Presented by the Centre for Culture & Technology (CCAT) @ Curtin University and Fremantle Arts Centre

In the age of personal computers, the Internet, mobile phones, Facebook, Twitter, Word, Photoshop, SMS, email, desktop- and e-publishing, blogging and fan fiction, autocorrect and track changes, who - or what - is a writer?

Ctrl-Z is an arts symposium aimed at exploring the possibilities of writing in the age of new media. While the means and opportunities for writing are seemingly forever multiplying, can the same be said for the ways in which we think about what we call 'writing', or what we call 'a writer'? How, today, does writing take shape: how is it produced, published, distributed and read?

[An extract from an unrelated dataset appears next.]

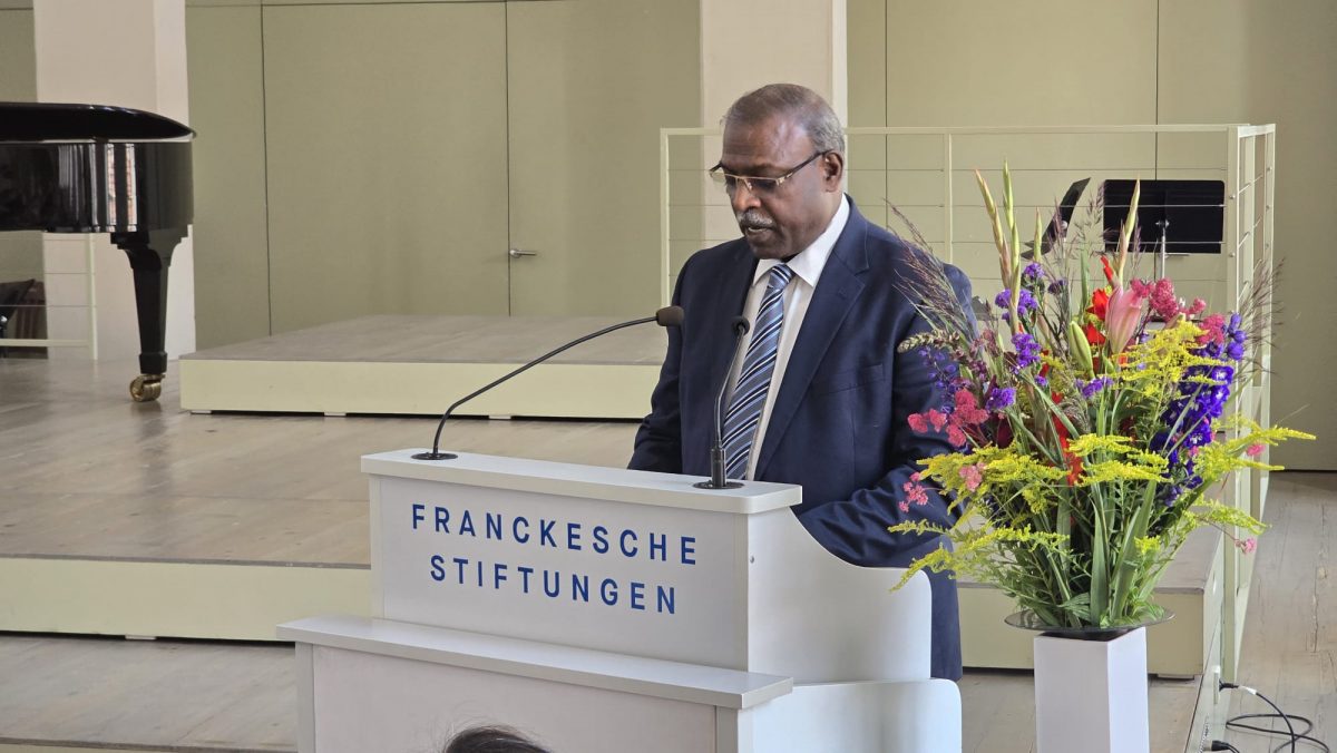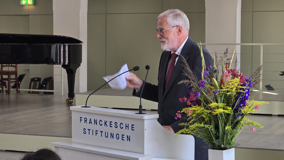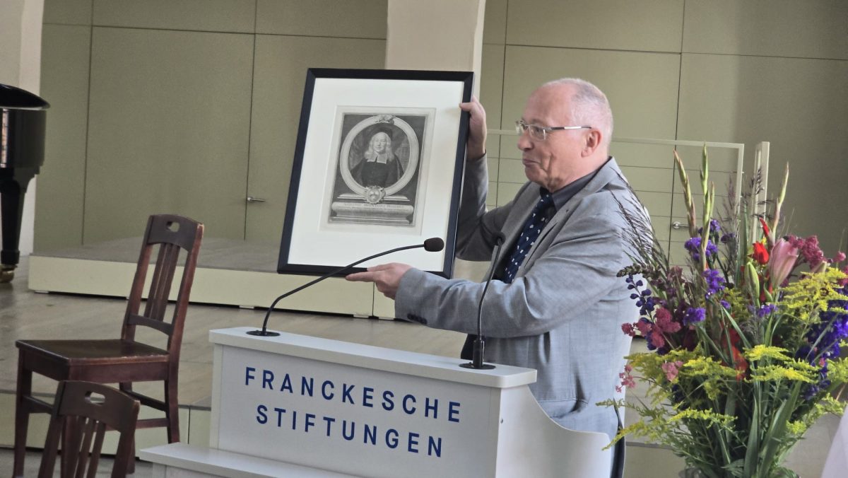 Den Festvortrag hielt der indische Theologe Daniel Jeyaraij, der eindrucksvoll die Geschichte seiner eigenen Verbindung zu Halle und den Stiftungen erzählte. Seine Forschung über die Ursprünge des Christentums in Tamil Nadu führte ihn nach Halle – in eine Stadt, die er zunächst als fremd und schwierig erlebte. Doch mit der Zeit wurde sie für ihn ein Zuhause. Besonders bewegte ihn, dass sein eigenes Kulturerbe hier seit Jahrhunderten gepflegt und bewahrt werde.

How might we account for cultural anxieties over the ill-effects or improper uses of new writing technologies (illiteracy, plagiarism, piracy, cyberbullying), and how might we imagine new ways of thinking about creativity, technology and communication?

Featuring panel discussions, video screenings, exhibitions, live music and more, Ctrl-Z will appeal to anyone with a professional or personal interest in writing as a cultural and communicative practice - from humanities academics, postgraduates and English and Media teachers to authors, artists and creative media practitioners; from arts patrons to general readers. Cutting across academic, professional and public divides, Ctrl-Z will present an engaging and entertaining occasion to reflect on what it means - now - to write and to be a writer.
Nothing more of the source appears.